_EXERCISE AIM_
Copy the records below exactly, starting at the line that contains "If you’re looking" and ending at the line that contains "注意:1.成都山地所营员在2"; leave out any pictures.

_THE DATA_
+ + + +

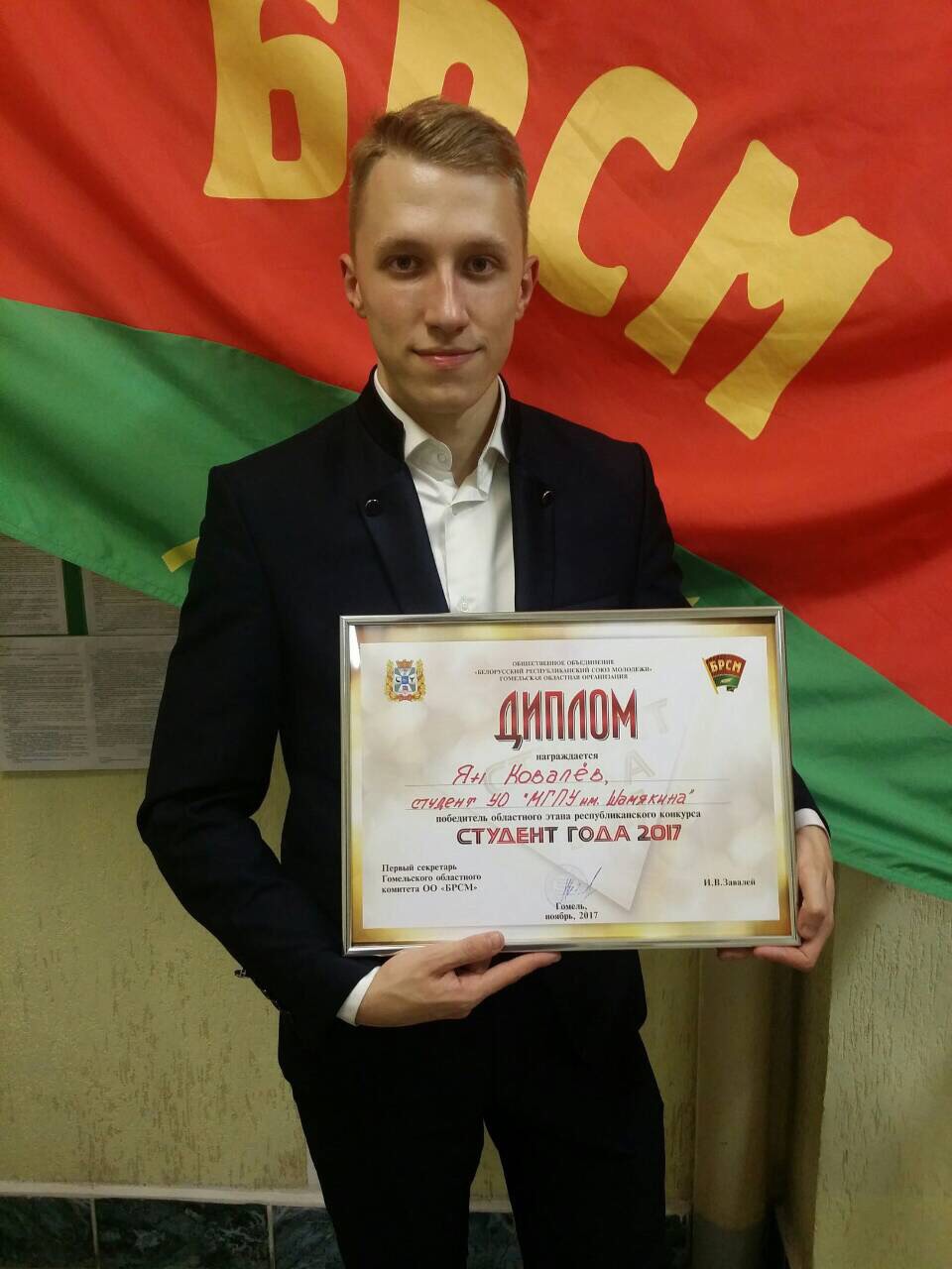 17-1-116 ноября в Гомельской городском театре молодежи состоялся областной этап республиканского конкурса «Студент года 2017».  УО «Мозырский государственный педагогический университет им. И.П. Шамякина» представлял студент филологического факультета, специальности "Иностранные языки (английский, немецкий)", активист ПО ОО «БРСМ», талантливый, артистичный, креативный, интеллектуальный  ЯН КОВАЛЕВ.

+ + + +

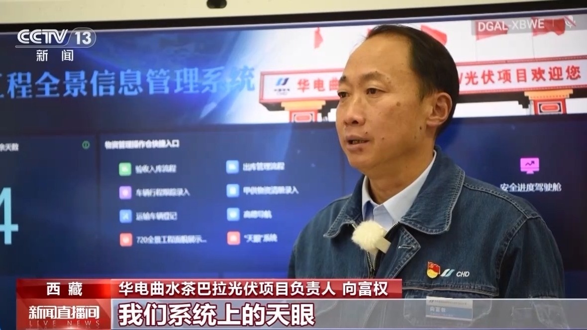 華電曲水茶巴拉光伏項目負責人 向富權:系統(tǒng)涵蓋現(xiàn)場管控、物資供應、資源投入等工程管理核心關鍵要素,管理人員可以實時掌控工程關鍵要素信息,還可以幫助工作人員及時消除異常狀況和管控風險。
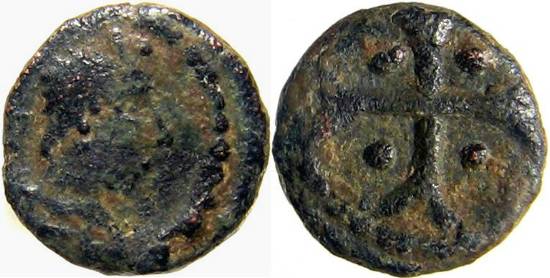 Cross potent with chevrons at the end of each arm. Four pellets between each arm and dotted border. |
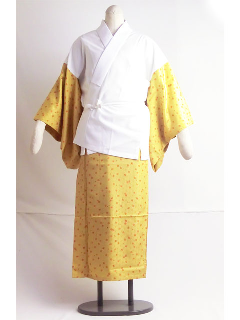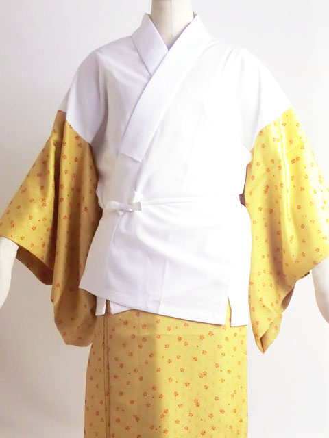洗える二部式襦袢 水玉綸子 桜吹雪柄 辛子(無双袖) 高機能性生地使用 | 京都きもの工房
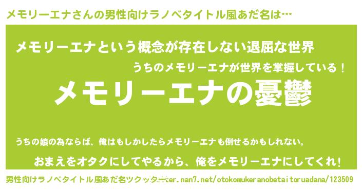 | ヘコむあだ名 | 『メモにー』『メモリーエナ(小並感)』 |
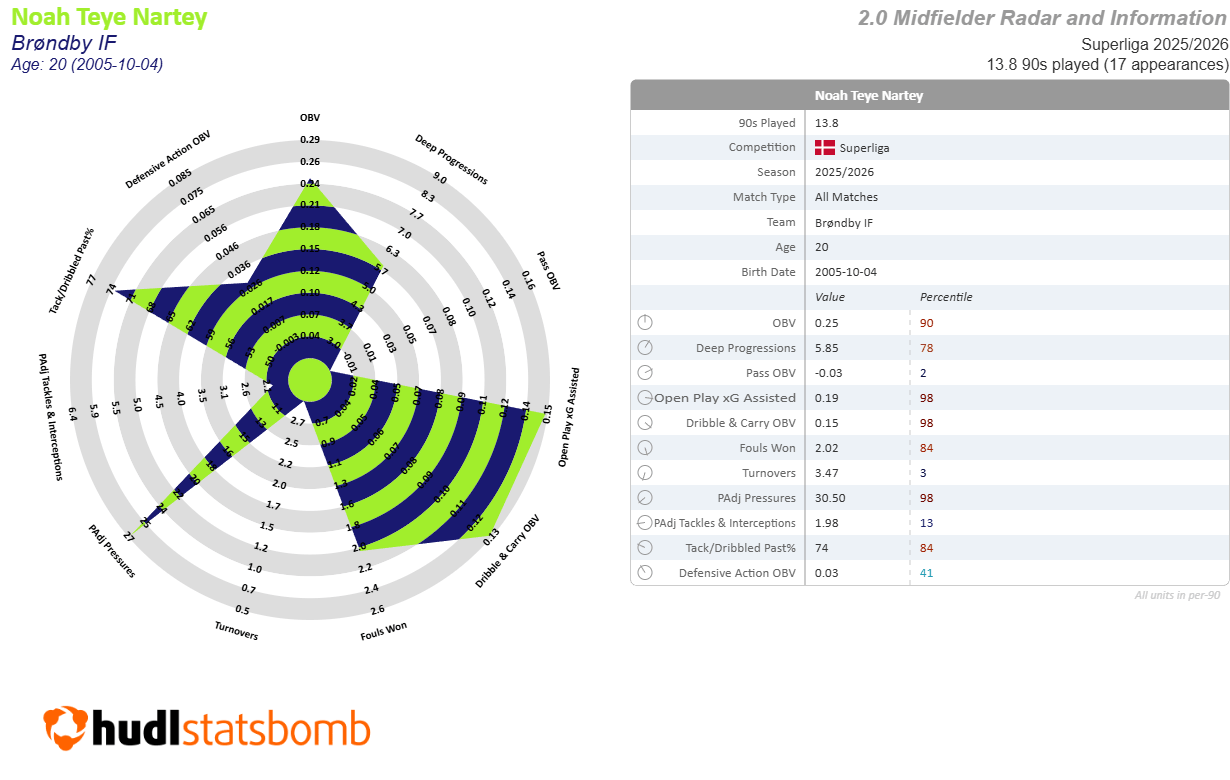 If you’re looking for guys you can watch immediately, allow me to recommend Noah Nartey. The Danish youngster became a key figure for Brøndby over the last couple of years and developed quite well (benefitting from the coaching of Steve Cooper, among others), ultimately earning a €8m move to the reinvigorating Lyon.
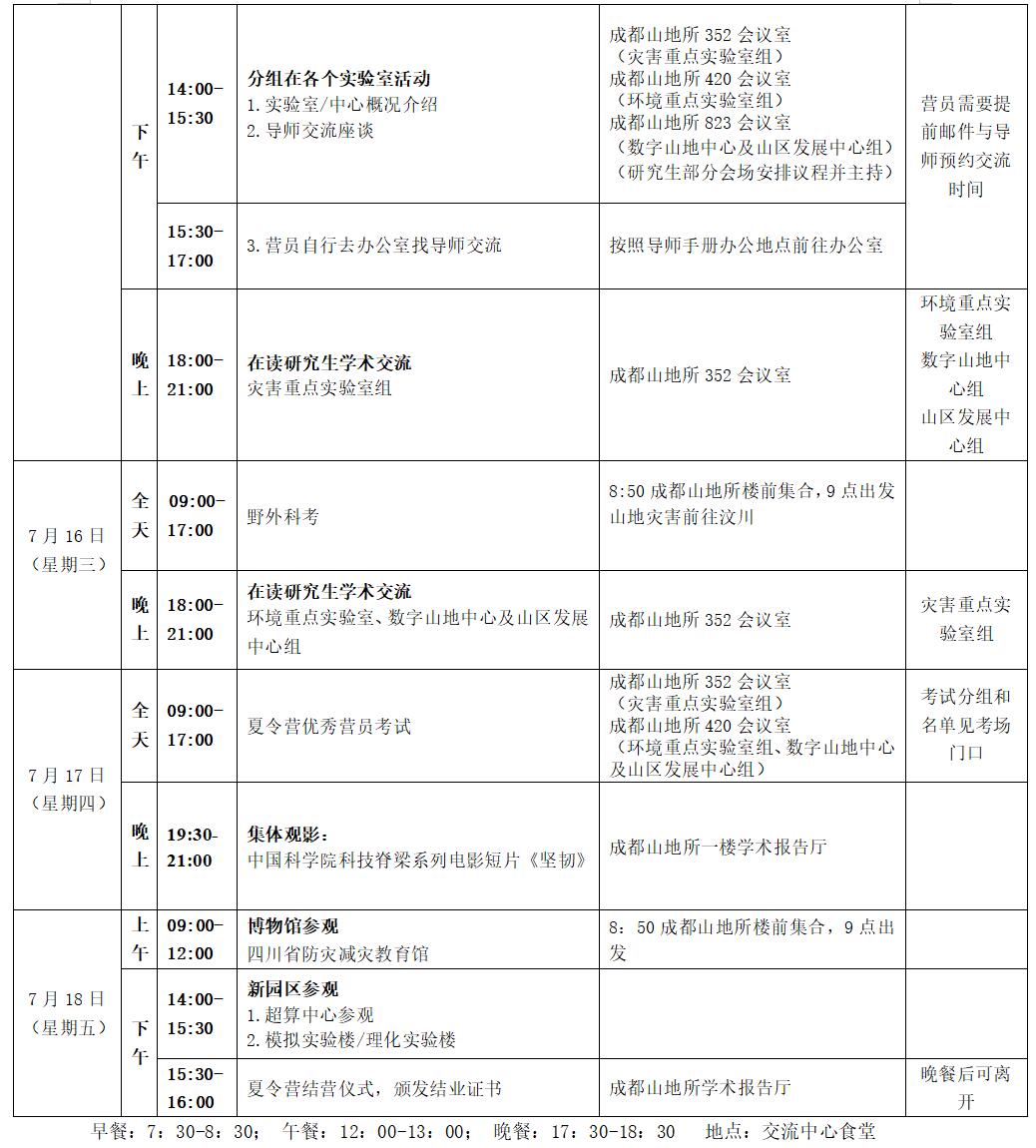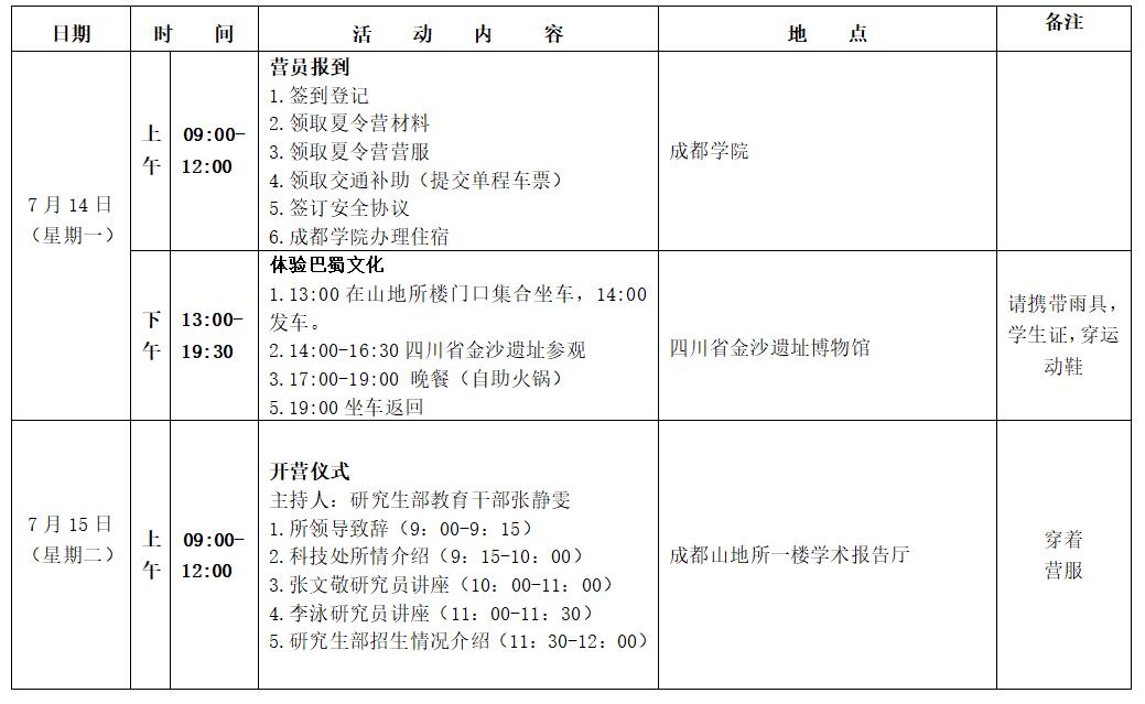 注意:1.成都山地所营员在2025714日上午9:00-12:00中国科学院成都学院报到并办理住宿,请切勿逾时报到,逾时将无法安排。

+ + + +

_WRITTEN SOLUTION_
 If you’re looking for guys you can watch immediately, allow me to recommend Noah Nartey. The Danish youngster became a key figure for Brøndby over the last couple of years and developed quite well (benefitting from the coaching of Steve Cooper, among others), ultimately earning a €8m move to the reinvigorating Lyon.
 注意:1.成都山地所营员在2025714日上午9:00-12:00中国科学院成都学院报到并办理住宿,请切勿逾时报到,逾时将无法安排。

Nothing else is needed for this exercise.